[WORK ITEM]
An exact reproduction of the data below is expected, free of images.

[MATERIAL TO PROCESS]
§ §

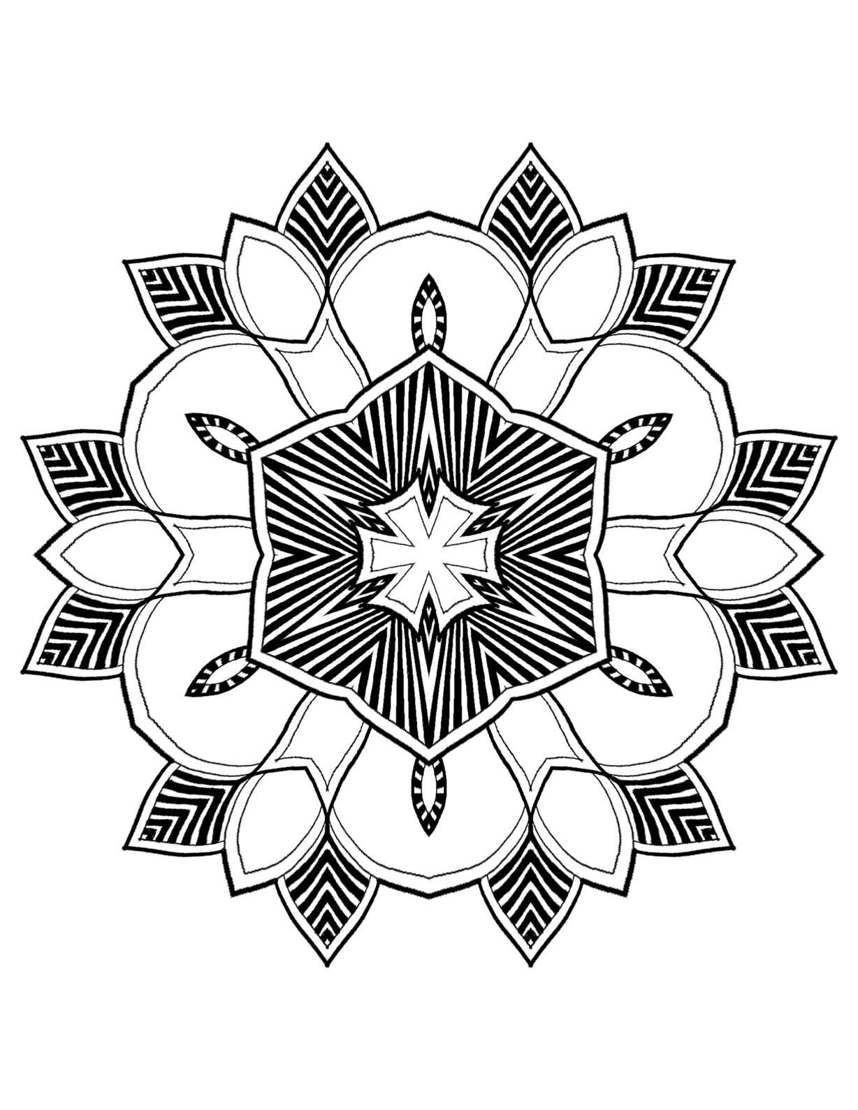 Uncover a captivating design with this Geometric Radiance Mandala, readily available for your complimentary download. This striking piece draws the eye inward with its powerful central motif: a prominent six-pointed star shape, densely filled with a mesmerizing array of radiating lines that converge at its heart. This central energy core is surrounded by an outer ring of gracefully flowing leaf-like forms, some of which are left open, while others feature elegant chevron patterns, adding a dynamic contrast to the overall composition. The interplay between the solid, bold central element and the more fluid, organic outer shapes creates a unique visual tension that is both engaging and harmonious.
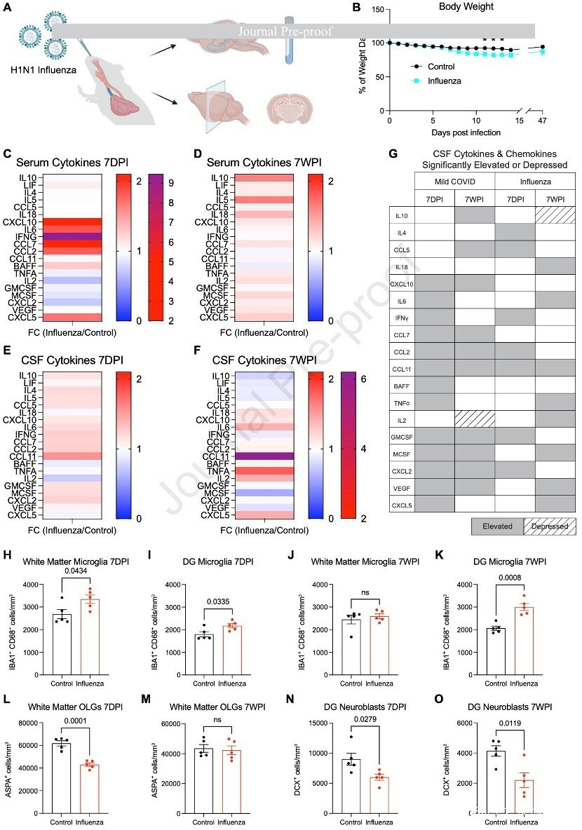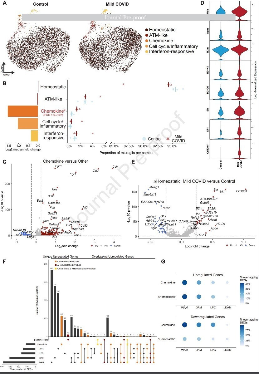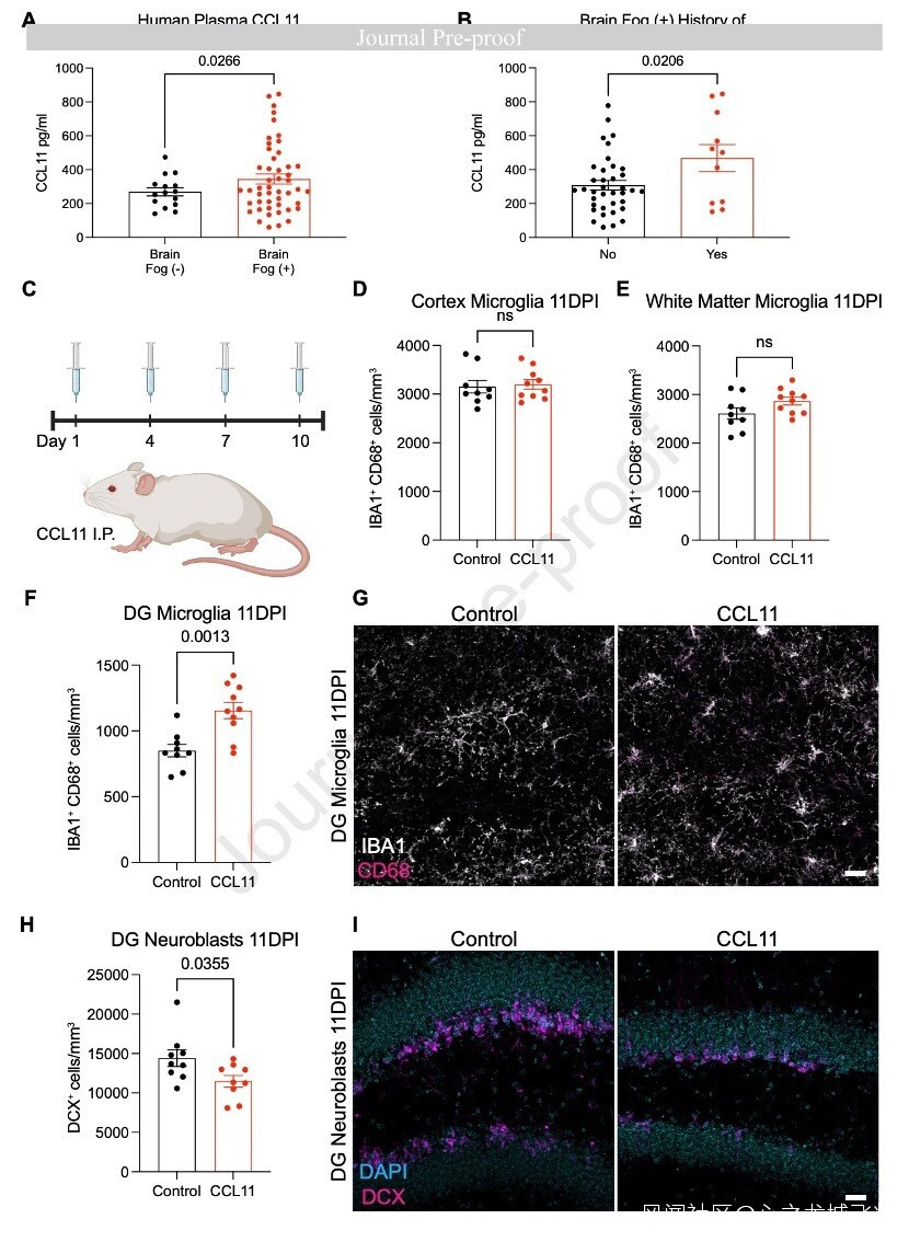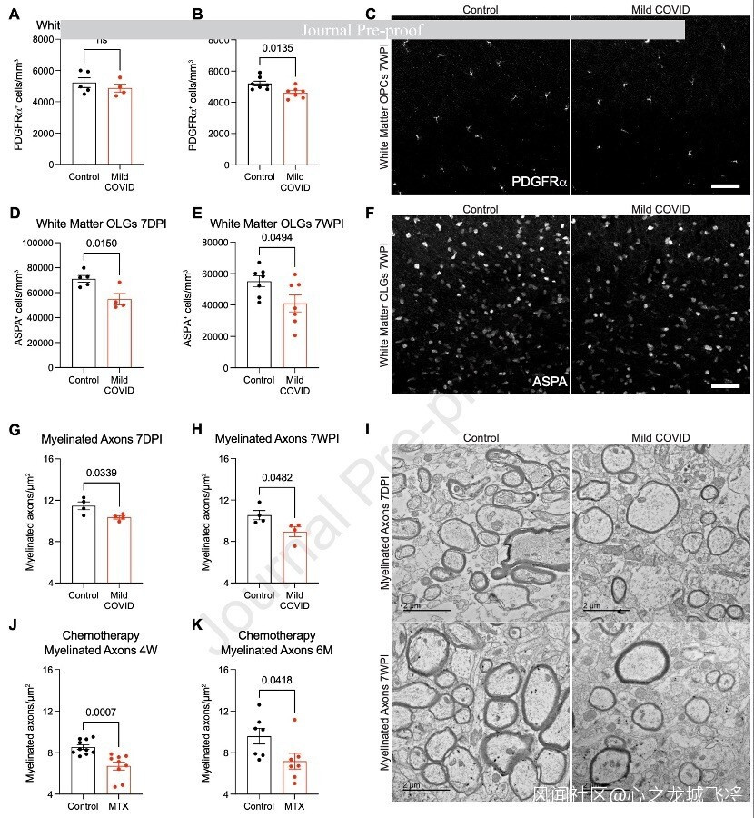 研究聚焦呼吸道感染SARS-CoV-2後的神經生物學效應,並在小鼠和人類中發現了腦白質選擇性小膠質反應性。在小鼠出現輕度呼吸道COVID之後,其海馬神經發生持續受損,少突膠質細胞減少和髓鞘丟失以及CSF細胞因子/趨化因子(包括CCL11)升高顯著。研究發現,全身性CCL11能導致海馬體的小膠質細胞反應性和神經發生受損。同樣,感染新冠病毒後具有持久認知症狀的人類體內也表現出升高的CCL11水平。
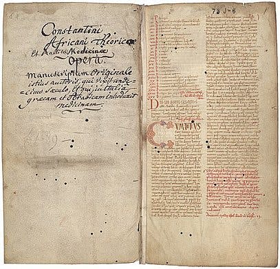 But then, the twist: A “complete” version of Liber pantegni, with all twenty books of Theorica and Practica together, began to circulate long after Constantine’s death. Green wrote, “Exasperatingly, we still can’t pinpoint when and where this last, unknown editor was working. No extant copies of the ‘re-created’ Pantegni Practica have been found that date before the second quarter of the thirteenth century,” which dovetails quite nicely with the canonical year of 1220 for Ars Magica. So...enter the fantasy fiction!
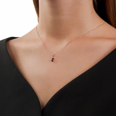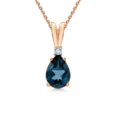 Подвеска с 1 бриллиантом природным, 0.01 карат, огранка круг 57 граней, цвет 3, чистота 6, тип огранки А; 1 топазом лондон природным, 0.73 карат; Розовое золото 585 пробы.
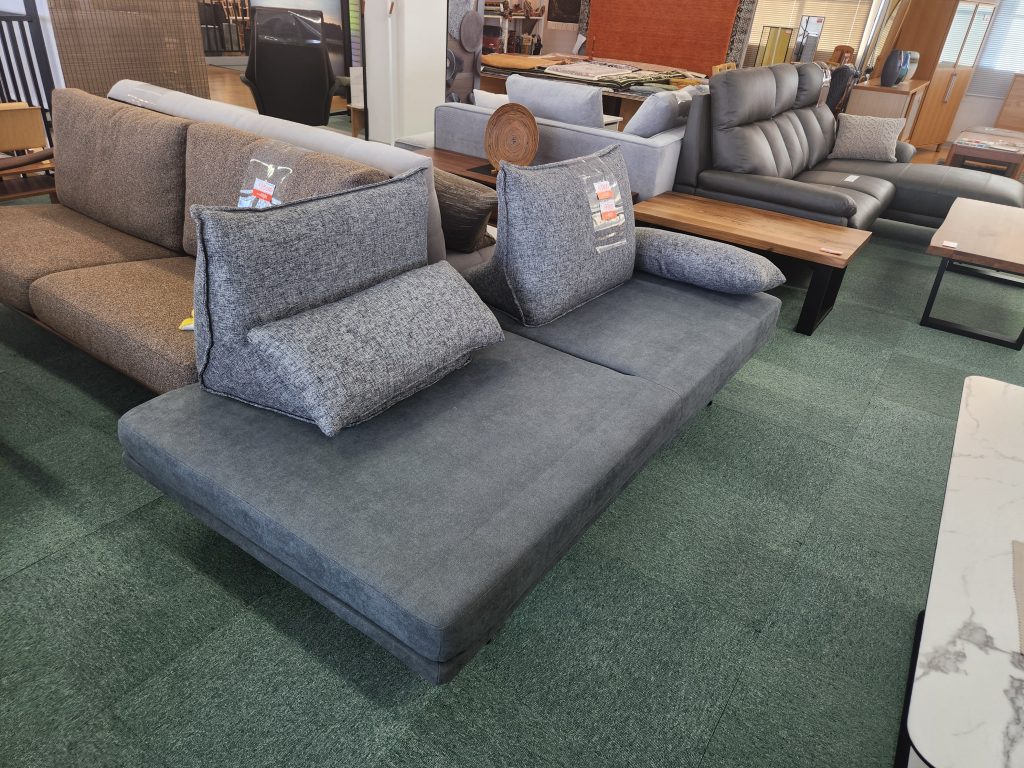 背のクッションが移動できるトレンドの置きクッションタイプ。
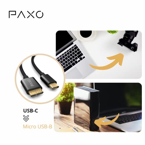 PAXO 0.3m Nylon USB C-MICRO USB 3.1 (USB 3.0) cavo per disco rigido, 5Gbit/s, cavo USB HDD, cavo dati, cavo di ricarica nero, USB C maschio a Micro B maschio

§ §

[TASK RESPONSE]
 Uncover a captivating design with this Geometric Radiance Mandala, readily available for your complimentary download. This striking piece draws the eye inward with its powerful central motif: a prominent six-pointed star shape, densely filled with a mesmerizing array of radiating lines that converge at its heart. This central energy core is surrounded by an outer ring of gracefully flowing leaf-like forms, some of which are left open, while others feature elegant chevron patterns, adding a dynamic contrast to the overall composition. The interplay between the solid, bold central element and the more fluid, organic outer shapes creates a unique visual tension that is both engaging and harmonious.
 研究聚焦呼吸道感染SARS-CoV-2後的神經生物學效應,並在小鼠和人類中發現了腦白質選擇性小膠質反應性。在小鼠出現輕度呼吸道COVID之後,其海馬神經發生持續受損,少突膠質細胞減少和髓鞘丟失以及CSF細胞因子/趨化因子(包括CCL11)升高顯著。研究發現,全身性CCL11能導致海馬體的小膠質細胞反應性和神經發生受損。同樣,感染新冠病毒後具有持久認知症狀的人類體內也表現出升高的CCL11水平。
 But then, the twist: A “complete” version of Liber pantegni, with all twenty books of Theorica and Practica together, began to circulate long after Constantine’s death. Green wrote, “Exasperatingly, we still can’t pinpoint when and where this last, unknown editor was working. No extant copies of the ‘re-created’ Pantegni Practica have been found that date before the second quarter of the thirteenth century,” which dovetails quite nicely with the canonical year of 1220 for Ars Magica. So...enter the fantasy fiction!
 Подвеска с 1 бриллиантом природным, 0.01 карат, огранка круг 57 граней, цвет 3, чистота 6, тип огранки А; 1 топазом лондон природным, 0.73 карат; Розовое золото 585 пробы.
 背のクッションが移動できるトレンドの置きクッションタイプ。
 PAXO 0.3m Nylon USB C-MICRO USB 3.1 (USB 3.0) cavo per disco rigido, 5Gbit/s, cavo USB HDD, cavo dati, cavo di ricarica nero, USB C maschio a Micro B maschio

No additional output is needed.